Same as our other published notebook usage examples, we can use methods from dyn.vf
to calculate speed, divergence, acceleration and curvature within specific basis. In the following code cell, we select pca
as the basis.
basis = "pca"
dyn.vf.speed(adata_labeling, basis=basis)
dyn.vf.divergence(adata_labeling, basis=basis)
dyn.vf.acceleration(adata_labeling, basis=basis)
dyn.vf.curvature(adata_labeling, basis=basis)
Calculating divergence: 0it [00:00, ?it/s]
adata_labeling.obs["speed_" + basis][:5]
barcode CCACAAGCGTGC-JL12_0 0.116313 CCATCCTGTGGA-JL12_0 0.410604 CCCTCGGCCGCA-JL12_0 0.086653 CCGCCCACCATG-JL12_0 0.145851 CCGCTGTGTAAG-JL12_0 0.096051 Name: speed_pca, dtype: float64
The results are saved to {quantity}_{basis} (e.g. speed_pca
).
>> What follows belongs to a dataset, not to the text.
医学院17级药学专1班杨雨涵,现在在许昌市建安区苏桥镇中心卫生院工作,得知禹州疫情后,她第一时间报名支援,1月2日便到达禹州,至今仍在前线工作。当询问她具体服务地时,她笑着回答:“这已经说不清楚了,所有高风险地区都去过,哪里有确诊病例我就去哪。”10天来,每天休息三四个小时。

Then we can visualize via various visualization results.
In the result below, we can observe the patterns of dynamics quantities including speed are consistent with the function of FLI1 (Meg lineage master regulator) and KLF1 (Ery
lineage master regulator).
import matplotlib.pyplot as plt
fig, axes = plt.subplots(ncols=2, nrows=2, constrained_layout=True, figsize=(12, 8))
axes
dyn.pl.umap(adata_labeling, color="speed_" + basis, ax=axes[0, 0], save_show_or_return="return")
dyn.pl.grid_vectors(
adata_labeling,
color="divergence_" + basis,
ax=axes[0, 1],
quiver_length=12,
quiver_size=12,
save_show_or_return="return",
)
dyn.pl.streamline_plot(adata_labeling, color="acceleration_" + basis, ax=axes[1, 0], save_show_or_return="return")
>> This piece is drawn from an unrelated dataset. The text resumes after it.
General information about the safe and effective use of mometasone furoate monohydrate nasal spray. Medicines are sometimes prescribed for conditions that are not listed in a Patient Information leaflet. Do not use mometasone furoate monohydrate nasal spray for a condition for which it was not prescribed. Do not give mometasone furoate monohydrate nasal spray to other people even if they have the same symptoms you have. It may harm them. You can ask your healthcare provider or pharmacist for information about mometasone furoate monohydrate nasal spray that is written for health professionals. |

dyn.pl.streamline_plot(adata_labeling, color="curvature_" + basis, ax=axes[1, 1], save_show_or_return="return")
plt.show()
Analyses above collectively suggest self-activation of FLI1 maintains its higher expression in the HSPC state, which biases the HSPCs to first commit towards the Meg lineage with high speed and acceleration, while repressing the commitment into erythrocytes through inhibition of KLF1. Together with the mutual regulation we show ealier in this tutorial, we can generate the following schematic to summarize the gene network.